Sum_{n>=1} (-1)^n*a(n)/n! = 1 - 1/e = A068996. - Gerald McGarvey, Nov 06 2007

Sequence arises from reading the line from -1, in the direction -1, 15, ... and the same line from 3, in the direction 3, 35, ..., in the square spiral whose nonnegative vertices are the squares A000290. - Omar E. Pol, May 24 2008

a(n) is the product of the consecutive odd integers 2n-1 and 2n+1 (cf. A005408). - Doug Bell, Mar 08 2009

For n>0: a(n) = A176271(2*n,n); cf. A016754, A053755. - Reinhard Zumkeller, Apr 13 2010

a(n+1) gives the curvature c(n) of the n-th circle touching the two equal semicircles of the symmetric arbelos (1/2, 1/2) and the (n-1)-st circle, with input c(0) = 3 = A059100(1) (referring to the second circle of the Pappus chain), for n >= 0. - Wolfdieter Lang and Kival Ngaokrajang, Jul 03 2015

After 3, a(n) is pseudoprime to base 2n.

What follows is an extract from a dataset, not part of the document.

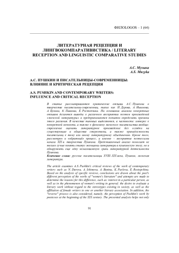 В статье рассматриваются критические отзывы А. С. Пушкина о творчестве писательниц-современниц, таких как Н. Дурова, А. Ишимова, А. Бунина, К. Павлова, Е. Ростопчина. На основании анализа конкретных отзывов делаются выводы о различном восприятии поэтом произведений «женской литературы» и предпринимаются попытки определить причины этого различия. В качестве таковых выделяются, в частности: интерес к конкретной личности, а также к феномену женского писательства вообще; стремление оценить литературное произведение без оглядки на существующие в обществе стереотипы, а также принадлежность писательниц к тому или иному литературному объединению. Кроме того, рассмотрен и «обратный» процесс, а именно - восприятие поэтессами начала XIX в. творчества Пушкина. Представленный анализ помогает не только лучше понять статус женщины-литератора в пушкинскую эпоху, но и обнаружить еще одну немаловажную грань литературной деятельности Пушкина.

For example: (2*2)^(a(2)-1) == 1 (mod a(2)), in fact 4^14 = 15*17895697+1. - Bruno Berselli, Sep 24 2015

Numbers m such that m+1 and (m+1)/4 are squares. - Bruno Berselli, Mar 03 2016

After -1, the least common multiple of 2*m+1 and 2*m-1. - Colin Barker, Feb 11 2017

This sequence contains all products of the twin prime pairs (see A037074). - Charles Kusniec, Oct 03 2019

REFERENCES

T. M. Apostol, Introduction to Analytic Number Theory, Springer-Verlag, 1976, page 3.

L. B. W. Jolley, Summation of Series, Dover, 2nd ed., 1961.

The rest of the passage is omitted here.